David Harbour claims he knows the real Teddy KGB, the Russian crime boss and main antagonist of 1998s poker-classic Rounders.
Harbour is currently doing the press tour for his role as Alexei "Red Guardian" Shostakov in the Marvel ECU's Black Widow movie.
One of Harbour's stops on the press junket was the show Hot Ones for the Youtube channel First We Feast. In the show, Sean Evans interviews celebrities while they eat a series of brutally Scoville-intense hot-wings.
One of Evans's earliest questions led Harbour down an unexpected memory side-alley. Evans led by asking Harbour for some dramatic tales from his time as an underground poker player in New York. Harbour was surprised Evans knew about his misspent youth, asking: "Did we play together?"
Harbour went in early with the Rounders reference. That's something every poker player in the world can instantly say "I get that reference" to.
"You know that movie Rounders?" Harbour asks the interviewer. "That's what's in my head."
Having played with David Levien and Brian Koppelman back in the 90s, Harbour had some inside scoop on the movie's production too. He even claims to know who the real Teddy KGB was. According to Harbour, he was not a looker.
"Those guys who wrote that movie[][Levien and Koppelman], I used to play with. I know the guy who is Teddy KGB. He does not look like John Malkovich, he looks like kind of a dumpy little dude."
Harbour might want to keep one on his kneecaps and the other eye out for whoever the real-life Grama is.

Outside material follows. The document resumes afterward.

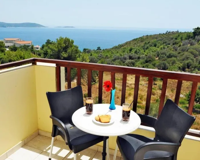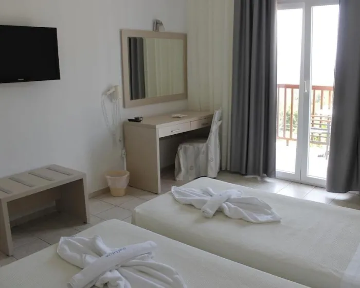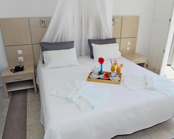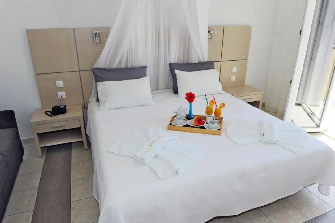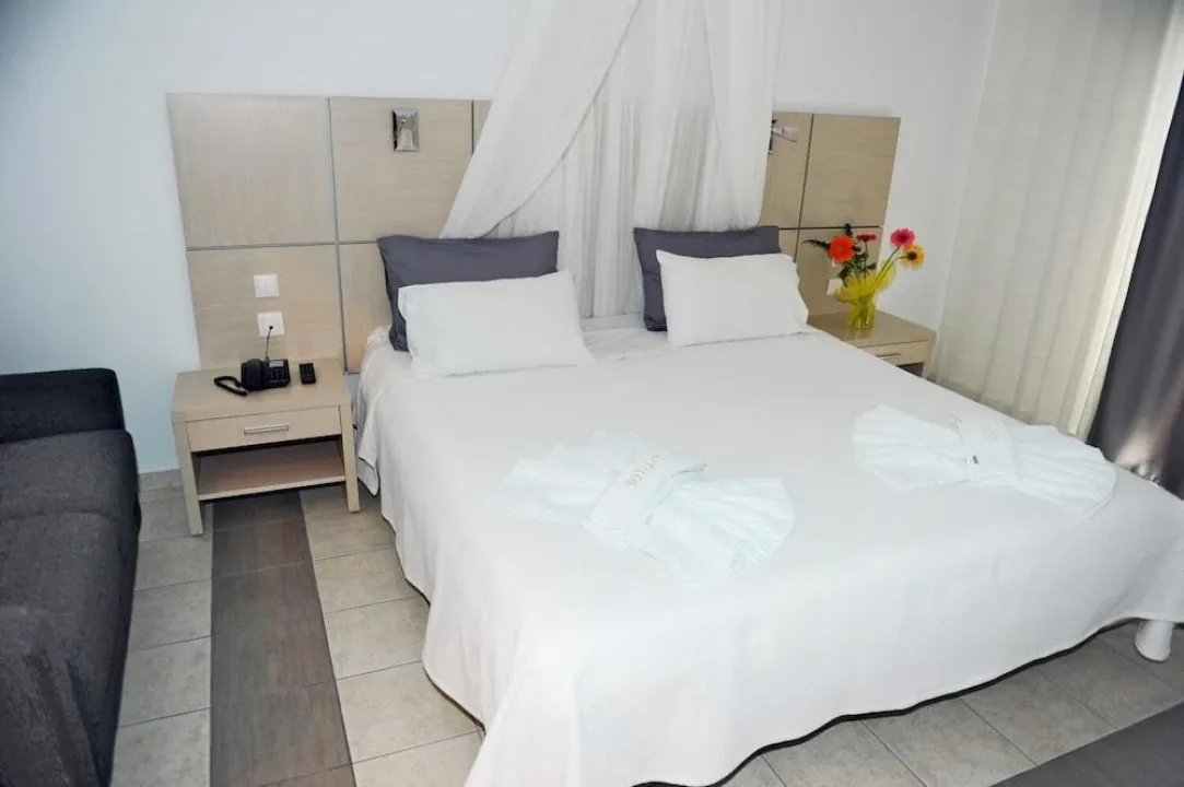 Klima uređaj i centralno grejanje osiguravaju da sobe održavaju udobnu temperaturu. Gosti mogu uživati u pogledu na more sa balkona ili terase. Sobe imaju bračni krevet i sofa krevet. Dostupne su odvojene spavaće sobe. Dodatni kreveti mogu biti zatraženi. Sef i minibar su takođe dostupni. Dodatne karakteristike uključuju frižider i čajnu/ kafu stanicu. Direktni telefonski poziv, televizor sa satelitskim/ kablovskim kanalima, radio i WiFi (bez dodatne naknade) pružaju sve neophodno za udoban odmor. Papuče su uključene. Fen za kosu i bade mantili su dostupni u kupatilima, koja su opremljena tuš kabinom i kadom. Mogu se rezervisati sobe prilagođene osobama sa invaliditetom. Hotel ima sobe za nepušače.

"A real beautiful moment..."
The New York poker scene was heavily tied up with the world of game players. Chess and pool hustlers abounded on the felt. The Mayfair Club — one of the most famous of the underground poker clubs, and the model for the Chesterfield Club in Rounders — started life as a meeting spot for bridge and backgammon players. These players found that the element of luck in poker meant you could shear the sheep instead of butchering them.
The fish just keep bringing their money back to the sharks in poker. But with the money came an element of danger, as Harbour explained.

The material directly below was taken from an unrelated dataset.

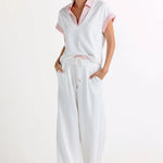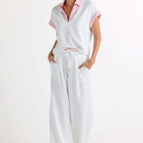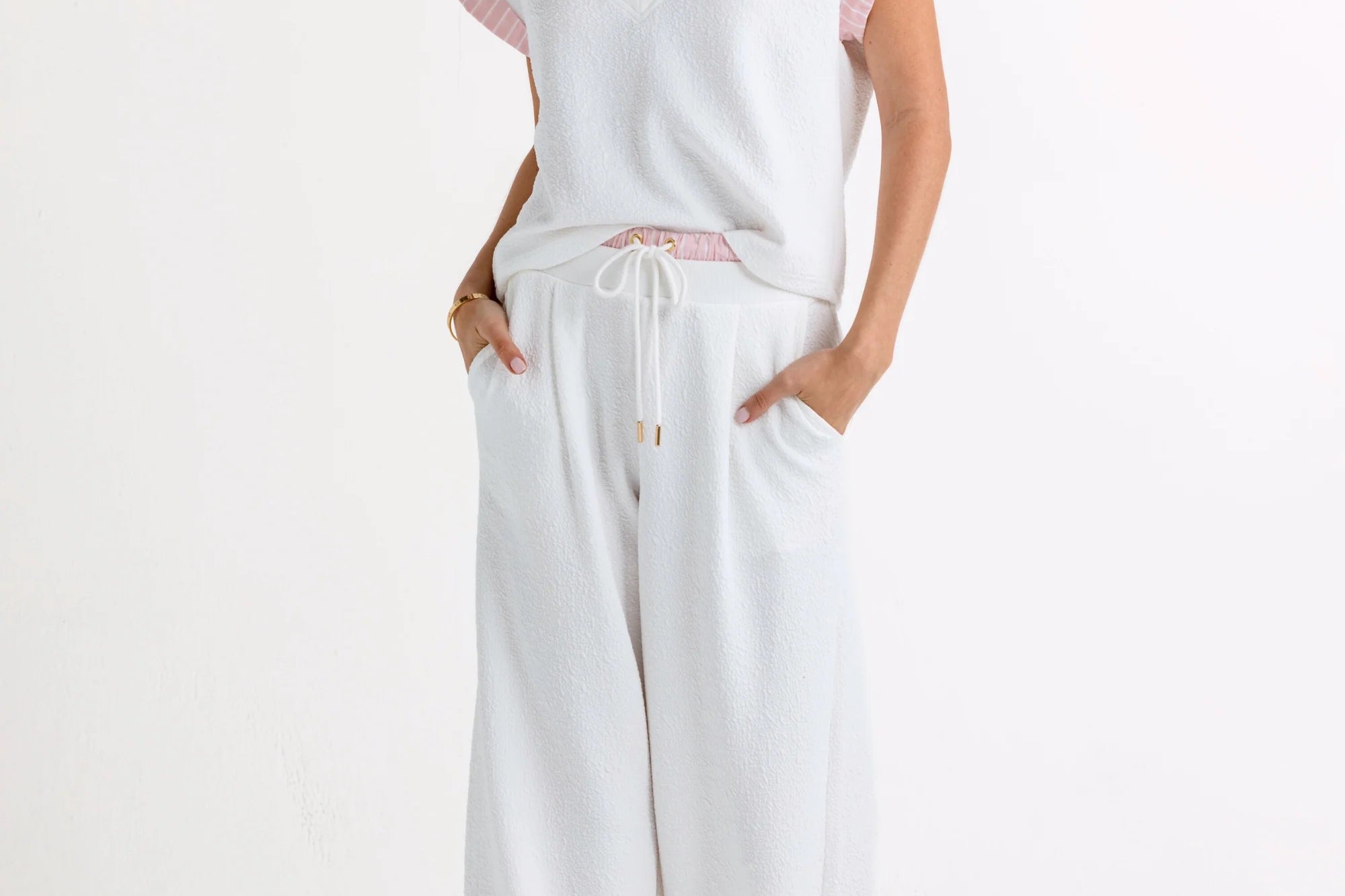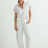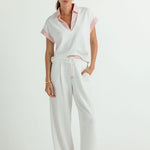 The best-selling Leonie Pants are back and refreshed in crisp white with our signature Roselight yarn-dyed stripe, designed for effortless, slouchy, off-duty polish.

"I never saw anything go down. But one of the reasons those places got shut down was because — they were sort of sanctioned, I mean, under the table, by the cops for a long time — and then what happened was, guys would break-in. A guy broke in — I guess a couple of guys broke in — with shotguns and just accidentally one of them went off and shot an old guy."
He still clearly thinks warmly of those times, despite the dark edge to some of the stories.
"Yeah. There was a real beautiful moment in the underground poker scene in New York," he says. "I wish it lasted forever."
I think we've found our lead if they ever get Rounders 2 off the ground.